After upgrading all our production clusters to ES 6.2.4 from ES 5.6.10, we have on two instances on two separate clusters seen translog files for a shard grow much more than the configured 512MB
. Interestingly this has only happened while we were performing rolling upgrades for updating the host machines and not when the cluster is operating in a normal state. On both occasions, one shard ended up having more than 40GB of translog data! This resulted in OOM errors and eventually into a RED cluster state. One such error message is as under. We had to manually delete the translog folder to get back to a sane state.
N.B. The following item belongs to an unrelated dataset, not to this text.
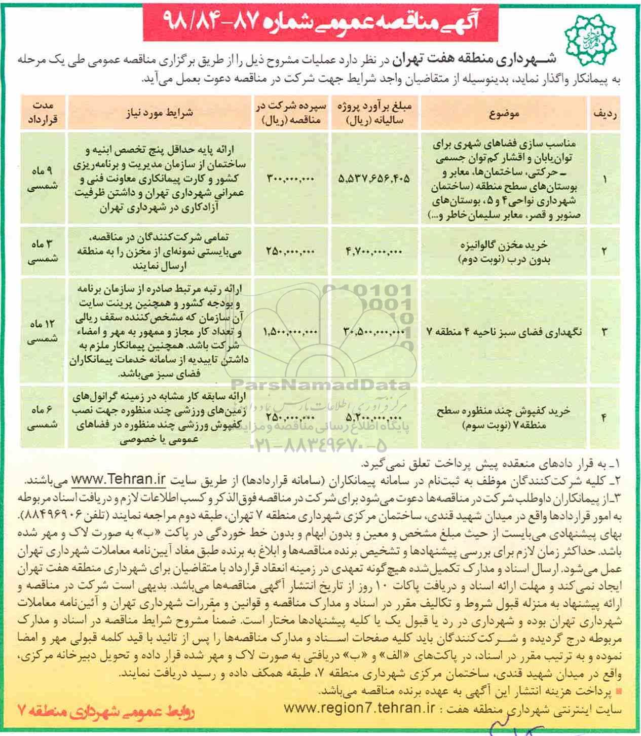 شهرداری منطقه هفت تهران در نظر دارد عملیات مشروح ذیل را از طریق برگزاری مناقصه عمومی طی یک مرحله به پیمانکار واگذار نماید. بدینوسیله از متقاضیان واجد شرایط جهت شرکت در مناقصه دعوت بعمل می آید

[es-d56-rm] fatal error in thread [Thread-205], exiting
java.lang.OutOfMemoryError: Java heap space
at org.elasticsearch.common.io.stream.StreamInput.readBytesReference(StreamInput.java:145) ~[elasticsearch-6.2.4.jar:6.2.4]
at org.elasticsearch.common.io.stream.StreamInput.readBytesReference(StreamInput.java:120) ~[elasticsearch-6.2.4.jar:6.2.4]
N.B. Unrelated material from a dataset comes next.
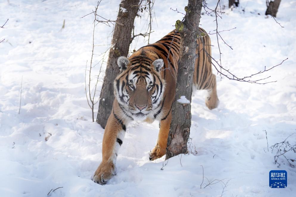 冰城哈爾濱市近日迎來數次降雪天氣,在黑龍江東北虎林園,散放區的東北虎在雪地活動。

at org.elasticsearch.index.translog.Translog$Index.(Translog.java:954) ~[elasticsearch-6.2.4.jar:6.2.4]
at org.elasticsearch.index.translog.Translog$Index.(Translog.java:931) ~[elasticsearch-6.2.4.jar:6.2.4]
at org.elasticsearch.index.translog.Translog$Operation.readOperation(Translog.java:883) ~[elasticsearch-6.2.4.jar:6.2.4]
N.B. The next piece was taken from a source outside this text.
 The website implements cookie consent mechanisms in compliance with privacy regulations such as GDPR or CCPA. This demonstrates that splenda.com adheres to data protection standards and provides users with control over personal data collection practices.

at org.elasticsearch.index.translog.Translog.readOperation(Translog.java:1432) ~[elasticsearch-6.2.4.jar:6.2.4]
at org.elasticsearch.index.translog.BaseTranslogReader.read(BaseTranslogReader.java:103) ~[elasticsearch-6.2.4.jar:6.2.4]
at org.elasticsearch.index.translog.TranslogSnapshot.readOperation(TranslogSnapshot.java:73) ~[elasticsearch-6.2.4.jar:6.2.4]
at org.elasticsearch.index.translog.TranslogSnapshot.next(TranslogSnapshot.java:64) ~[elasticsearch-6.2.4.jar:6.2.4]
at org.elasticsearch.index.translog.MultiSnapshot.next(MultiSnapshot.java:70) ~[elasticsearch-6.2.4.jar:6.2.4]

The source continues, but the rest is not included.